The possibility of navigation via the Northern Sea Route is especially important for China. This route will not only help significantly cut cargo delivery times but will also serve as an alternative to the traditional passages through the Suez Canal and the Strait of Malacca. At the same time, China, which seeks stability above all else, is in no rush to bet on the still unstable effects of rising temperature, and is focused instead on pursuing its own project — the Silk Road Economic Belt, which includes the construction of transport infrastructure not only on land but also at sea. For now, the Arctic Ocean remains a priority field of research for China. Last year, the aforementioned Snow Dragon icebreaker safely returned from its sixth Arctic expedition. Its first voyage was along the Northern Sea Route.

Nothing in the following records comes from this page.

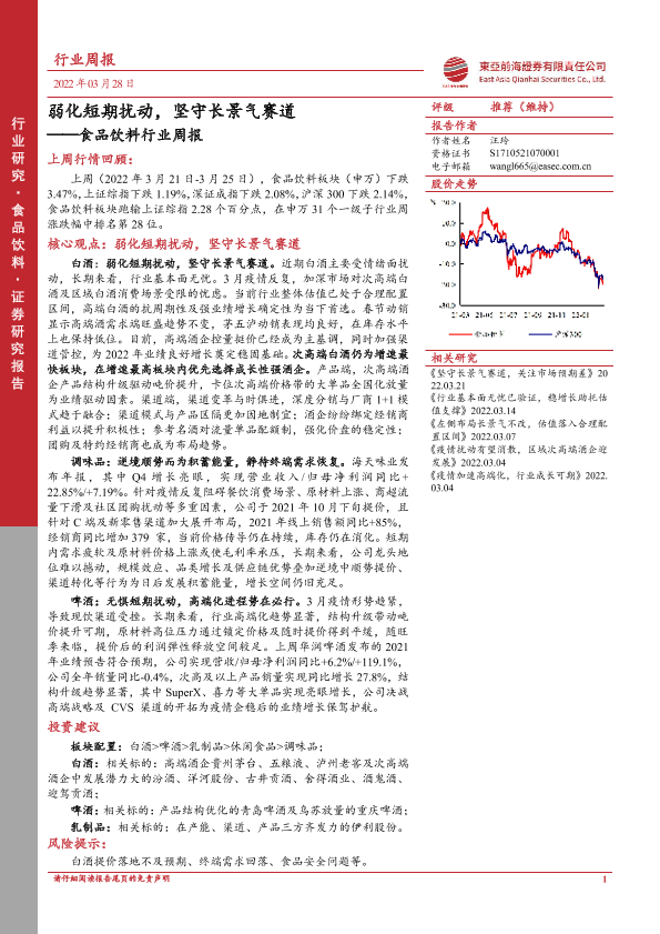 【东亚前海证券】【20220328】20220328-东亚前海证券-食品饮料行业周报:弱化短期扰动,坚守长景气赛道-20页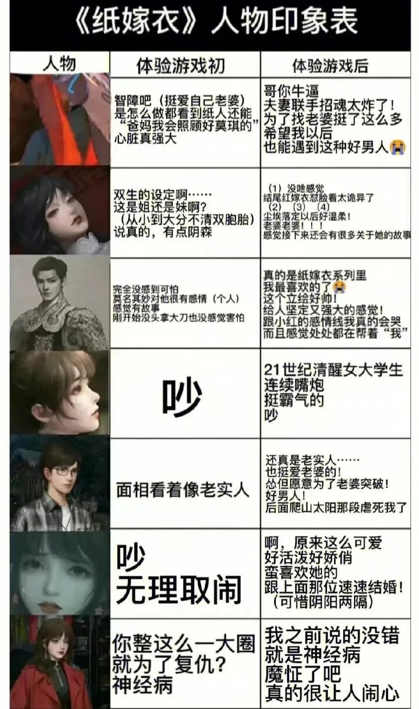 其实吧,占比多数的轻度玩家不会热衷于解谜,民俗恐怖也只是个噱头。那么多代过来,吓人的玩意早就被玩家吃透了,说实话已经没多少人把《纸嫁衣》当成恐怖游戏玩了。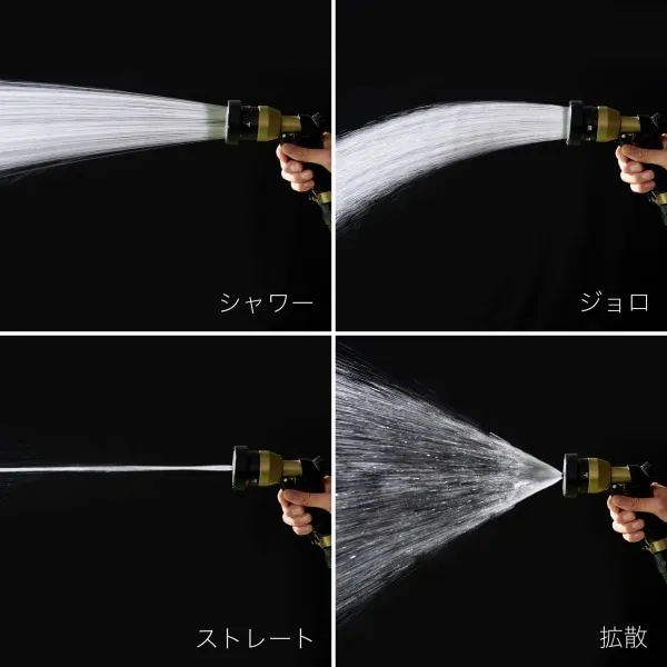 ホースノズルは丈夫な金属タイプで、水の出方は4パターンあり、用途に合わせて切り替えることができます。手元で操作できる水量調整ダイヤルで強弱調整も可能です。鉢植えやデリケートな植物へ水やり、水やりによる土はねを防ぐことが出来ます。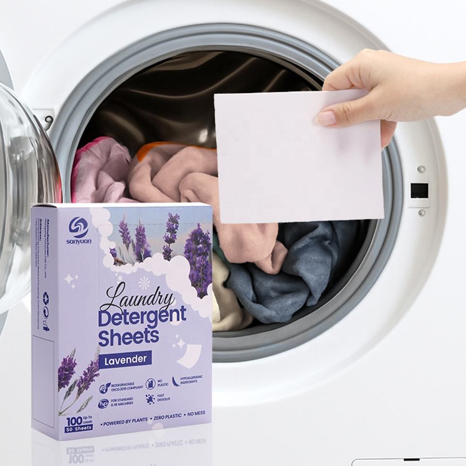 แผ่นซักผ้าซานหยวน แบบใช้แล้วทิ้ง เป็นมิตรกับสิ่งแวดล้อม ปราศจากสารก่อภูมิแพ้ ปลอดสารพิษ กลิ่นลาเวนเดอร์ ให้ผ้าเนียนนุ่ม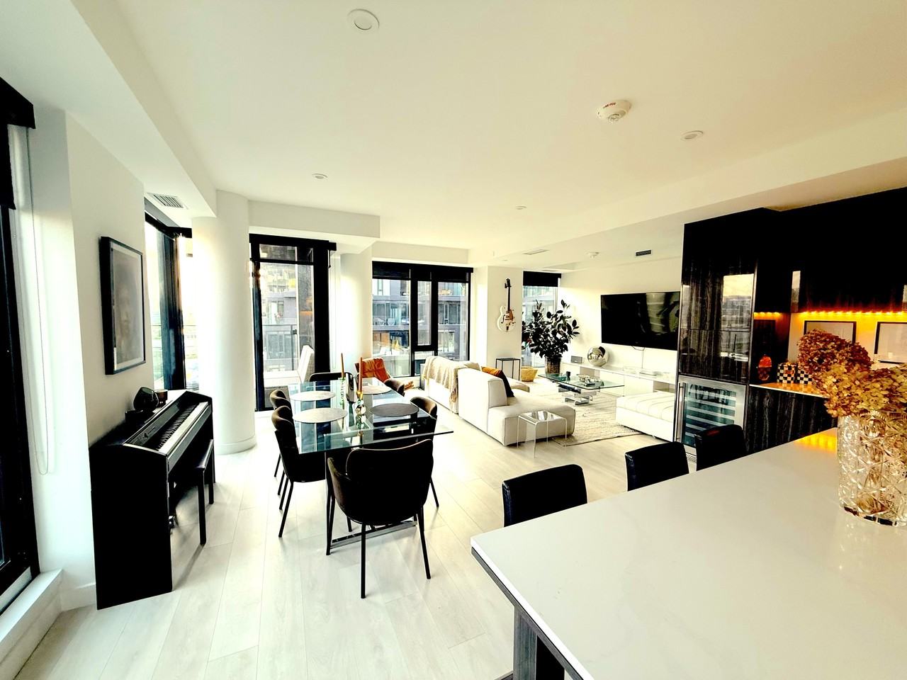 Step into this stunning 2-bedroom plus den, 2-bathroom corner suite in the iconic Waterworks building a perfect blend of modern design and urban convenience. This uniquely spacious home features an expansive open-concept living and dining area drenched in natural light through floor-to-ceiling windows, creating an airy, sophisticated vibe day and night. Host with ease on your private terrace a rare downtown perk perfectly sized for entertaining and equipped for your own exclusive barbecue. Inside, the sleek kitchen is equal parts style and function, with high-end integrated appliances, a massive island for gathering, and elegant finishes throughout. Enjoy the added convenience of a designated laundry room/pantry for extra storage and organization. Both bedrooms are generously sized, with the primary suite offering a spa-inspired ensuite and ample closet space. Your parking spot is extremely conveniently located for quick in-and-out access, while the buildings Waterworks Food Hall just downstairs means world-class eats are always steps away. With premium amenities and an unbeatable King West location, this exceptional corner unit delivers the ultimate in space, light, and modern luxury at one of Torontos most coveted addresses.

The Arctic course and the new world order
Today, expanding ecological and climate control expertise is one of China's main goals in the Arctic. However, without close contacts with Arctic countries and without sharing experience, China's progress in the extreme North would be impossible, so the country actively involves foreign, including Russian specialists, in this effort. This collaboration is a good example of China's foreign policy doctrine, which, according to official Chinese statements, is based on respect for the sovereignty of countries across the world.
According to an expert at the China Institute of International Studies, "China's Arctic policy should be a component part of China's foreign policy." Its basic elements should be the "peaceful development of the Arctic for the benefit of mankind and on the basis of mutual respect and enhanced understanding and trust, China will develop a normal relationship of win-win cooperation with the Arctic countries and the international community in the common endeavor to maintain and promote peace, stability and sustainable development in the Arctic, so as to make the Arctic part of the harmonious world."
If the declared course is pursued consistently and in full, then there is a chance that geopolitical tension around the Arctic will subside. After all, China periodically reiterates its commitment to bring harmony to the world through multipolarity. Of course, in and of itself, this approach will not address all problems, such as territorial disputes. But so long as no country approaches the participation of particular states in Arctic affairs in terms of granting or denying access, passions around the region will cool. The North Pole is a point where the interests of all countries meet, and it will simply cease to exist if just one state — even one that sincerely believes itself to be exceptional — is allowed to act according to the principle "to possess means to conquer".